Repeat all of the data below word for word, keeping no images.
*** Opening of Data provided ***
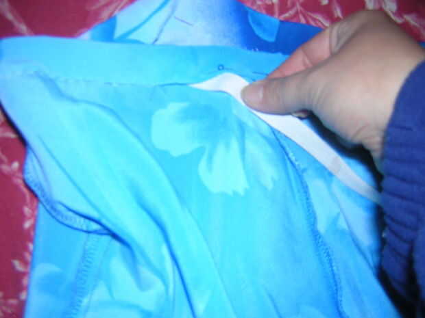 A continuación se. que debe ensartar el elástico a través del túnel hecho de coser la parte superior. Cuando se han roscado completamente a través luego coser juntos sus dos extremos del elástico, meter en la cintura y terminar la costura de la cintura hacia abajo.
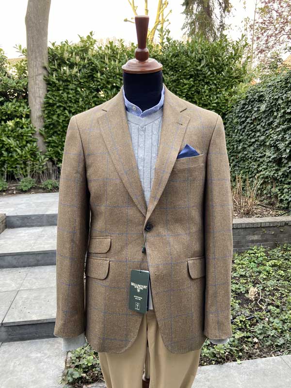 • Zijden Jasje London In Herringbone With Blue Overcheck
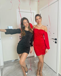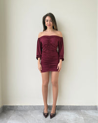 Off-shoulder neckline with elegant long sleeves. Ruched detailing down the front creates a flattering, body-shaping silhouette.
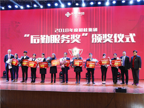 (源生堂工程部季明明(左三)教育部李春燕(左四)榮獲集團“后勤服務(wù)獎”)
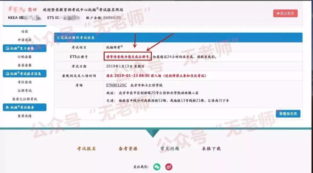 第十、只要没有看到“ETS注册号”,这几个字,如果报错了,都可以免费改考试时间。
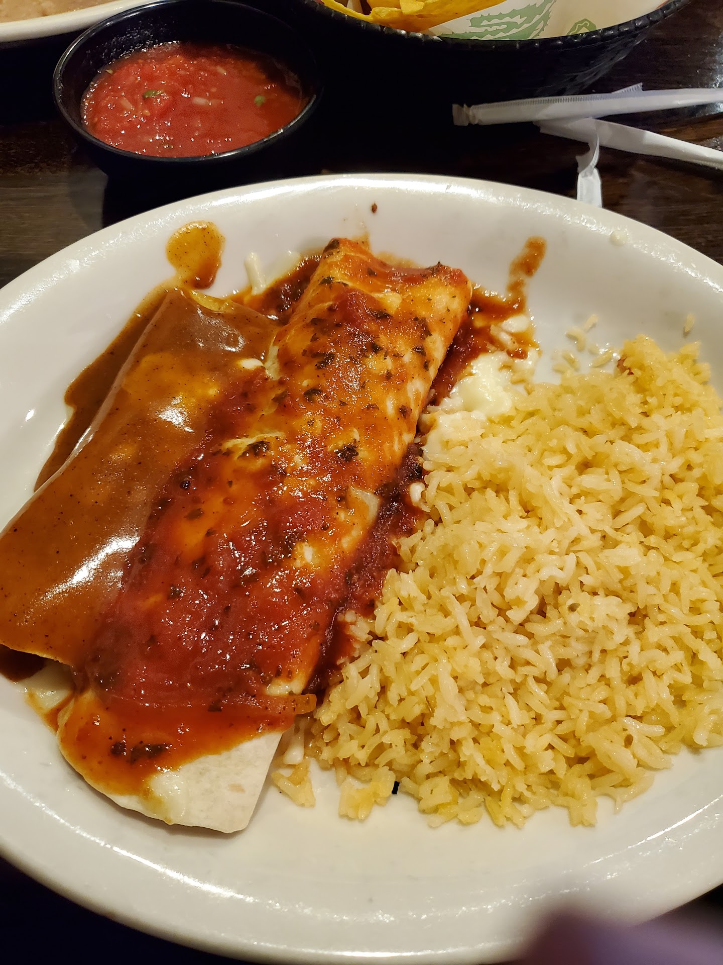 Poor excuse for a chimichanga. If i just wanted chicken, cheese, and bread then i would have ordered a quesadilla! I was highly disappointed when what I ordered was not what came out per my standards nor the standards of what an ACTUAL chimichanga is. If you are going to advertise something, at least make it like it should be. That is false advertising. Other than that, the chorizo cheese dip is amazing and highly recommended! The salsa was not too spicy so it was actually pleasant to eat!! Im not sure if I recommend this place for the purpose of they charge $2 for water when other places will not charge you. When looking at my receipt, they charge (2@$2) for soft drink. Didnt know that water was a soft drink now! They did fix it but most wouldnt look at the receipt so the company would be stealing money when customers dont look. Lupe was our servers name. Not sure if its just her or if there are others...just make sure you watch your ticket...
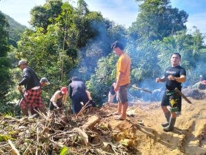 Kapuas Hulu, Kalbar – Masyarakat gotong royong membersihkan sisa longsor diruas jalan arah Boyan Hulu, Desa Riam Mengelai – Desa Nanga Sangan Kecamatan Boyan Tanjung, (11/03)
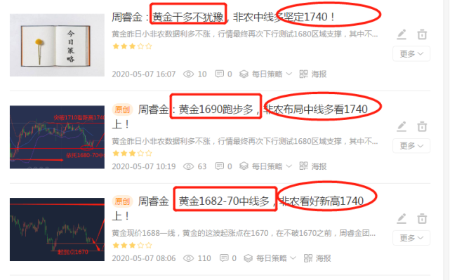 黄金周三,周四周睿金团队都是看好多头,虽说黄金一直区间震荡,但是这个震荡修复在周三就已经开始变味了,开始震荡修复上行,虽然上行的力度有限,慢牛上涨,但是多头趋势不曾改变。周睿金团队再次不断在全网公开预热,非农给出提前布局,依托1680中线多看涨,在昨日周四的文章思路中,更是给出1685-1690多单入场的现价单,黄金午夜最高拉升至1621.95一线,如果是做短线的朋友,从1685-1690多到1620一线,这其中有多少利润你们自己去换算!尽管满市场一偏唱空,唯有周睿金团队坚定低多看涨思路,虽然做多看涨过程一路被质疑,但是最终利润说明了一切!众人唱空唯唯我多,1685-90一路多一路狂歌数钱!
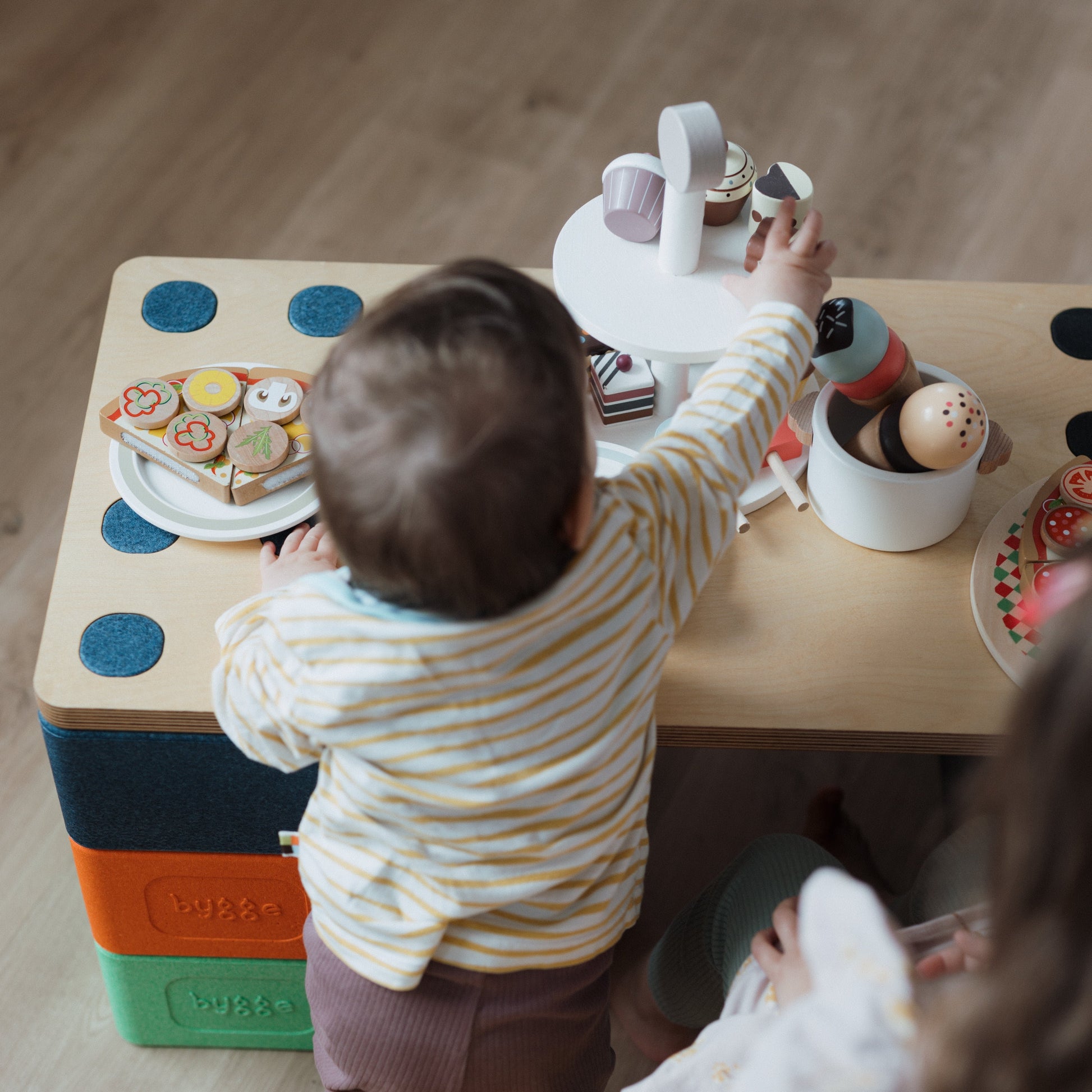 bygge setzt auf langlebige Materialien und eine ressourcenschonende Produktion in Deutschland (z.B. kurze Lieferketten, etc.). Die Steine sind recycelbar und darauf ausgelegt, viele Jahre vielfältig bespielt zu werden, sodass weniger Plastikspielzeug weggeworfen werden muss.
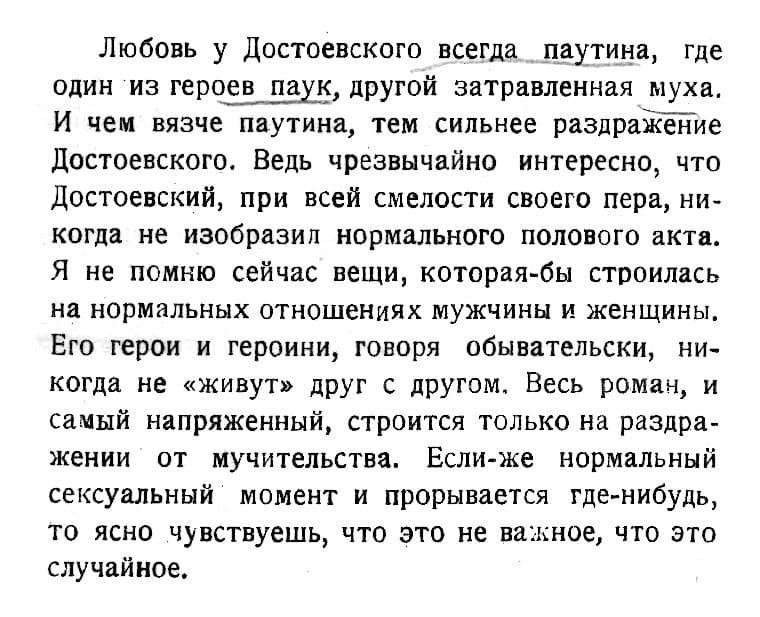 Любовь у Достоевского всегда _паутина, где один `из героев_паук, другой затравленная муха. И чём вязче паутина, тем сильнее раздражение Достоевского. Ведь чрезвычайно интересно, что Достоевский, при всей смелости своего пера, никогда не изобразил нормального полового акта. Я не помню сейчас вещи, которая-бы строилась на нормальных отношениях мужчины и женщины, Его герои и героини, говоря обывательски, никогда не «живут» друг с другом. Весь роман, и самый напряженный, строится только на раздражении от мучительства. Если-же нормальный сексуальный момент и прорывается где-нибудь, то ясно чувствуешь, что это не ва:жное, что это случайное,
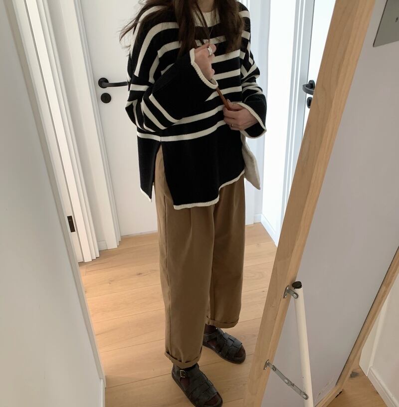 ボーダーセーター トップス セーター プルオーバー 袖あり 長袖 ボートネック ワイド スリット サイドスリット 大人可愛い カジュアル おしゃれ お洒落 大人可愛い 大人女子 こなれ感 ラフ 柄 ボーダー 春 秋 冬 10代 20代 30代 40代 50代 レディース 女性用 オフィス ビジネス OL 通勤 学生 通学 デート お出かけ 着回し 普段使い S M L XL 2XL 白 ホワイト 黒 ブラック
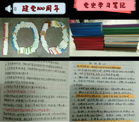 自本学期开学以来,全院各年级各班响应员工党支部号召开展党史学习教育系列活动,以学习党的百年发展历史,传承党的红色基因为中心开展了“七个一百”党史学习教育主题系列活动。活动以《论中国共产党历史》、《中国共产党简史》、《毛泽东 邓小平 江泽民 胡锦涛关于中国共产党历史论述摘编》、《习近平新时代中国特色社会主义思想学习问答》为教材在各年级各班进行了100场党史宣讲活动,在员工中营造知史爱党,知史爱国的浓厚学习氛围;通过搜集不同时期的100个英雄人物故事以及100首红色歌曲制作成册,领悟革命精神,缅怀革命先烈,汲取红色力量,赓续精神血脉;组织员工们制作100个红色手工作品,缅怀革命岁月,牢记初心使命;从学习活动中遴选100份优秀笔记,互相交流借鉴,促进党史学习教育效果;员工们在纪念碑、抗战遗址、纪念馆等地共拍摄了100个党史小故事宣讲视频,以此铭记历史,砥砺前行;员工们向党献出100条真挚祝福,对建党100周年的表达深切祝愿。此次活动覆及全院员工,具有较高的感召力和影响力,让历史责任感和民族使命感在每个员工心中生根发芽,争做红色文化的传播者、践行者。
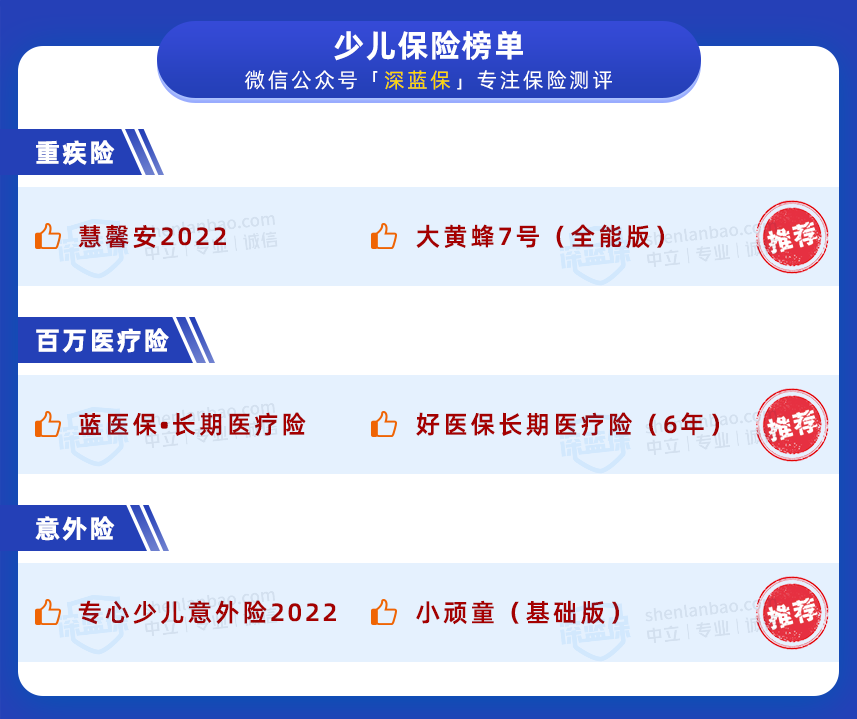 建议大家优先给孩子选择蓝医保·长期医疗险,如果因为健康问题买不了,那么再来试试好医保(6年版)。
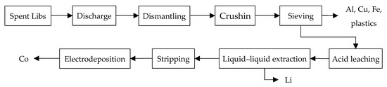 In more than half of these batteries, the cathode contains any of the following compounds: LiCoO2 and LiNi0.33Co0.33Mn0.33O2 [6]. As previously mentioned, cobalt accounts for around 20 wt% of spent LiBs. These residues also contain lithium, nickel, copper, and aluminum; however, there is a higher composition of cobalt than the other metals, which is why it is important to recover [5,7]. Due to the complicated assembly of the batteries and the composition of the electrodes, recycling LiBs requires physical and chemical processes. Physical processes include pretreatments, such as dismantling, crushing, screening, magnetic separation, washing, and thermal pretreatment. Chemical processes include acid leaching, bioleaching, ultrasonic-assisted separation, solvent extraction, chemical precipitation, and electrochemical processes [6,8,9].
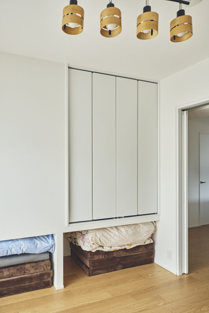デスクと就寝時に必要なスペースを立体的に使うことで、
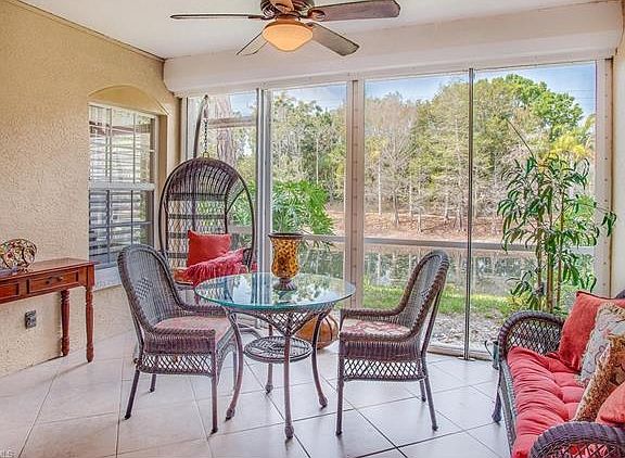Well maintained water view condo located in peaceful Calusa Bay South. Beautifully decorated and appointed, this 2 bedroom and 2 bath first floor unit features stainless steel appliances, a breakfast bar, an eat in kitchen, a generous living room and dining room and a split floor plan. The main living area opens onto the screened lanai overlooking a waterway with serene fountains. Calusa Bay offers luxury amenities that include a community pool, walking and biking trails, a fitness center, tennis courts and gated security. Located minutes from Mercato, Waterside shops and the beach, Calusa Bay is condo living at its best!
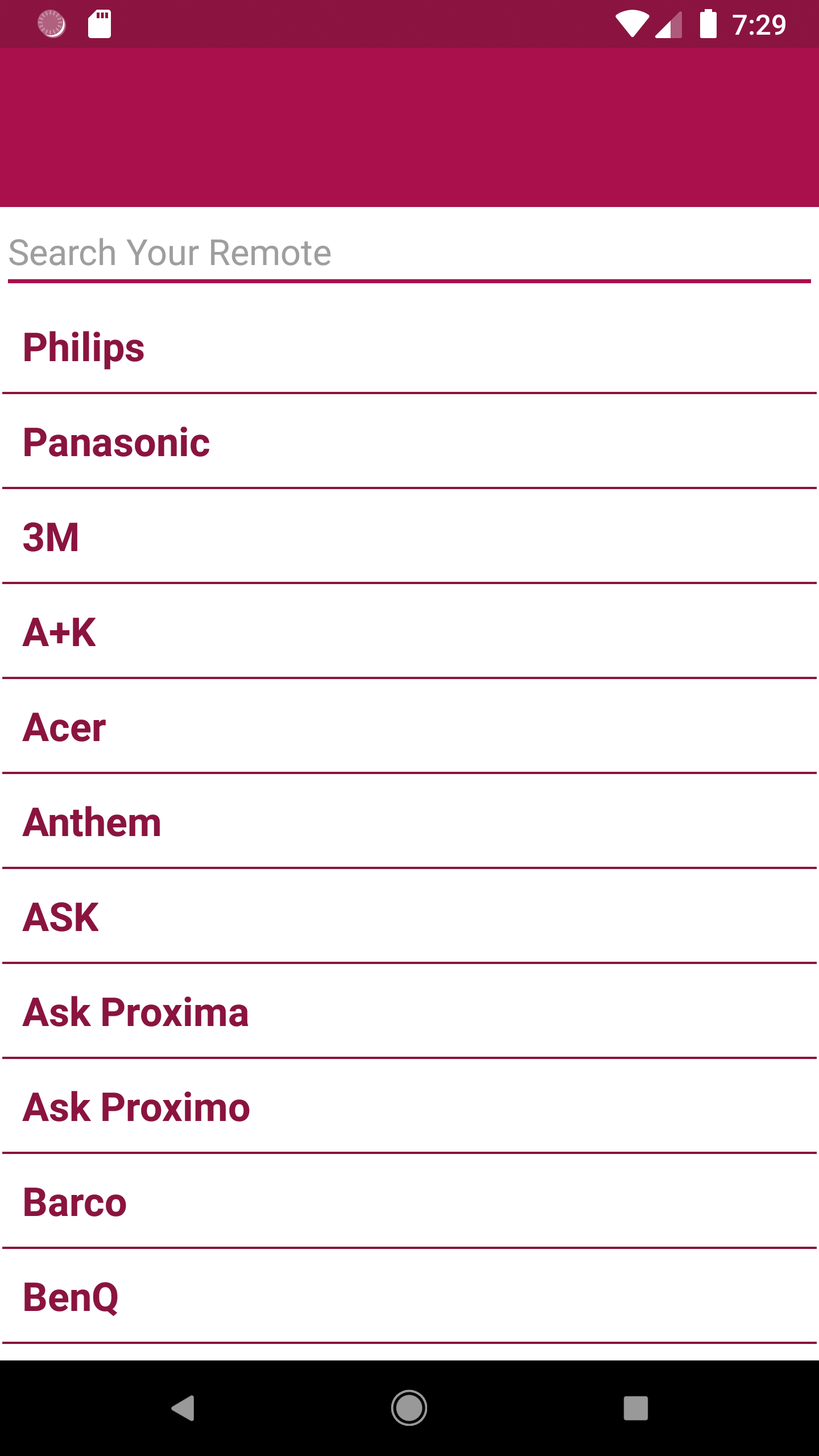 - Select your projector brand from the extensive list provided in the app to access specific control options.
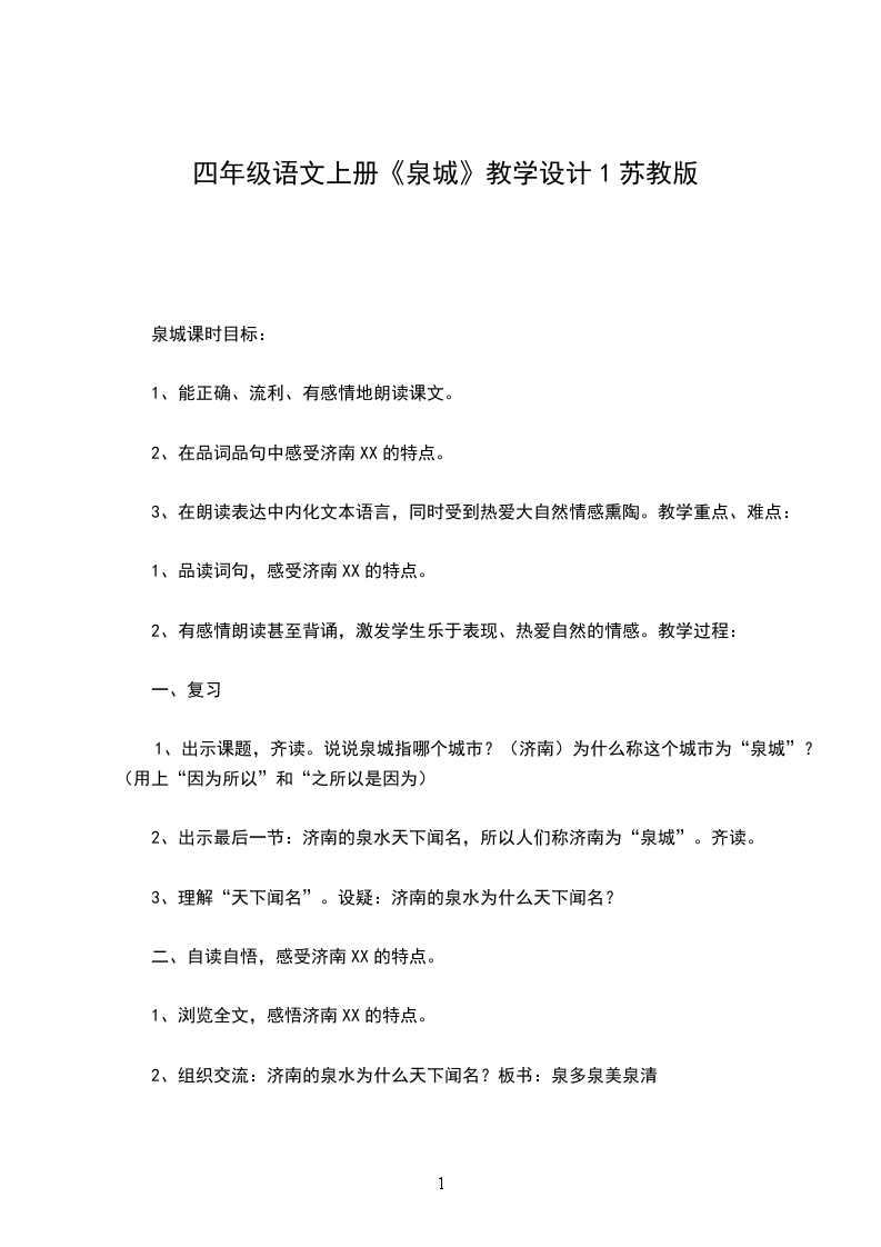 1、浏览全文,感悟济南XX的特点。
*** Close of Data provided ***
**The completed task:**
 A continuación se. que debe ensartar el elástico a través del túnel hecho de coser la parte superior. Cuando se han roscado completamente a través luego coser juntos sus dos extremos del elástico, meter en la cintura y terminar la costura de la cintura hacia abajo.
 • Zijden Jasje London In Herringbone With Blue Overcheck
 Off-shoulder neckline with elegant long sleeves. Ruched detailing down the front creates a flattering, body-shaping silhouette.
 (源生堂工程部季明明(左三)教育部李春燕(左四)榮獲集團“后勤服務(wù)獎”)
 第十、只要没有看到“ETS注册号”,这几个字,如果报错了,都可以免费改考试时间。
 Poor excuse for a chimichanga. If i just wanted chicken, cheese, and bread then i would have ordered a quesadilla! I was highly disappointed when what I ordered was not what came out per my standards nor the standards of what an ACTUAL chimichanga is. If you are going to advertise something, at least make it like it should be. That is false advertising. Other than that, the chorizo cheese dip is amazing and highly recommended! The salsa was not too spicy so it was actually pleasant to eat!! Im not sure if I recommend this place for the purpose of they charge $2 for water when other places will not charge you. When looking at my receipt, they charge (2@$2) for soft drink. Didnt know that water was a soft drink now! They did fix it but most wouldnt look at the receipt so the company would be stealing money when customers dont look. Lupe was our servers name. Not sure if its just her or if there are others...just make sure you watch your ticket...
 Kapuas Hulu, Kalbar – Masyarakat gotong royong membersihkan sisa longsor diruas jalan arah Boyan Hulu, Desa Riam Mengelai – Desa Nanga Sangan Kecamatan Boyan Tanjung, (11/03)
 黄金周三,周四周睿金团队都是看好多头,虽说黄金一直区间震荡,但是这个震荡修复在周三就已经开始变味了,开始震荡修复上行,虽然上行的力度有限,慢牛上涨,但是多头趋势不曾改变。周睿金团队再次不断在全网公开预热,非农给出提前布局,依托1680中线多看涨,在昨日周四的文章思路中,更是给出1685-1690多单入场的现价单,黄金午夜最高拉升至1621.95一线,如果是做短线的朋友,从1685-1690多到1620一线,这其中有多少利润你们自己去换算!尽管满市场一偏唱空,唯有周睿金团队坚定低多看涨思路,虽然做多看涨过程一路被质疑,但是最终利润说明了一切!众人唱空唯唯我多,1685-90一路多一路狂歌数钱!
 bygge setzt auf langlebige Materialien und eine ressourcenschonende Produktion in Deutschland (z.B. kurze Lieferketten, etc.). Die Steine sind recycelbar und darauf ausgelegt, viele Jahre vielfältig bespielt zu werden, sodass weniger Plastikspielzeug weggeworfen werden muss.
 Любовь у Достоевского всегда _паутина, где один `из героев_паук, другой затравленная муха. И чём вязче паутина, тем сильнее раздражение Достоевского. Ведь чрезвычайно интересно, что Достоевский, при всей смелости своего пера, никогда не изобразил нормального полового акта. Я не помню сейчас вещи, которая-бы строилась на нормальных отношениях мужчины и женщины, Его герои и героини, говоря обывательски, никогда не «живут» друг с другом. Весь роман, и самый напряженный, строится только на раздражении от мучительства. Если-же нормальный сексуальный момент и прорывается где-нибудь, то ясно чувствуешь, что это не ва:жное, что это случайное,
 ボーダーセーター トップス セーター プルオーバー 袖あり 長袖 ボートネック ワイド スリット サイドスリット 大人可愛い カジュアル おしゃれ お洒落 大人可愛い 大人女子 こなれ感 ラフ 柄 ボーダー 春 秋 冬 10代 20代 30代 40代 50代 レディース 女性用 オフィス ビジネス OL 通勤 学生 通学 デート お出かけ 着回し 普段使い S M L XL 2XL 白 ホワイト 黒 ブラック
 自本学期开学以来,全院各年级各班响应员工党支部号召开展党史学习教育系列活动,以学习党的百年发展历史,传承党的红色基因为中心开展了“七个一百”党史学习教育主题系列活动。活动以《论中国共产党历史》、《中国共产党简史》、《毛泽东 邓小平 江泽民 胡锦涛关于中国共产党历史论述摘编》、《习近平新时代中国特色社会主义思想学习问答》为教材在各年级各班进行了100场党史宣讲活动,在员工中营造知史爱党,知史爱国的浓厚学习氛围;通过搜集不同时期的100个英雄人物故事以及100首红色歌曲制作成册,领悟革命精神,缅怀革命先烈,汲取红色力量,赓续精神血脉;组织员工们制作100个红色手工作品,缅怀革命岁月,牢记初心使命;从学习活动中遴选100份优秀笔记,互相交流借鉴,促进党史学习教育效果;员工们在纪念碑、抗战遗址、纪念馆等地共拍摄了100个党史小故事宣讲视频,以此铭记历史,砥砺前行;员工们向党献出100条真挚祝福,对建党100周年的表达深切祝愿。此次活动覆及全院员工,具有较高的感召力和影响力,让历史责任感和民族使命感在每个员工心中生根发芽,争做红色文化的传播者、践行者。
 建议大家优先给孩子选择蓝医保·长期医疗险,如果因为健康问题买不了,那么再来试试好医保(6年版)。
 In more than half of these batteries, the cathode contains any of the following compounds: LiCoO2 and LiNi0.33Co0.33Mn0.33O2 [6]. As previously mentioned, cobalt accounts for around 20 wt% of spent LiBs. These residues also contain lithium, nickel, copper, and aluminum; however, there is a higher composition of cobalt than the other metals, which is why it is important to recover [5,7]. Due to the complicated assembly of the batteries and the composition of the electrodes, recycling LiBs requires physical and chemical processes. Physical processes include pretreatments, such as dismantling, crushing, screening, magnetic separation, washing, and thermal pretreatment. Chemical processes include acid leaching, bioleaching, ultrasonic-assisted separation, solvent extraction, chemical precipitation, and electrochemical processes [6,8,9].
デスクと就寝時に必要なスペースを立体的に使うことで、
Well maintained water view condo located in peaceful Calusa Bay South. Beautifully decorated and appointed, this 2 bedroom and 2 bath first floor unit features stainless steel appliances, a breakfast bar, an eat in kitchen, a generous living room and dining room and a split floor plan. The main living area opens onto the screened lanai overlooking a waterway with serene fountains. Calusa Bay offers luxury amenities that include a community pool, walking and biking trails, a fitness center, tennis courts and gated security. Located minutes from Mercato, Waterside shops and the beach, Calusa Bay is condo living at its best!
 - Select your projector brand from the extensive list provided in the app to access specific control options.
 1、浏览全文,感悟济南XX的特点。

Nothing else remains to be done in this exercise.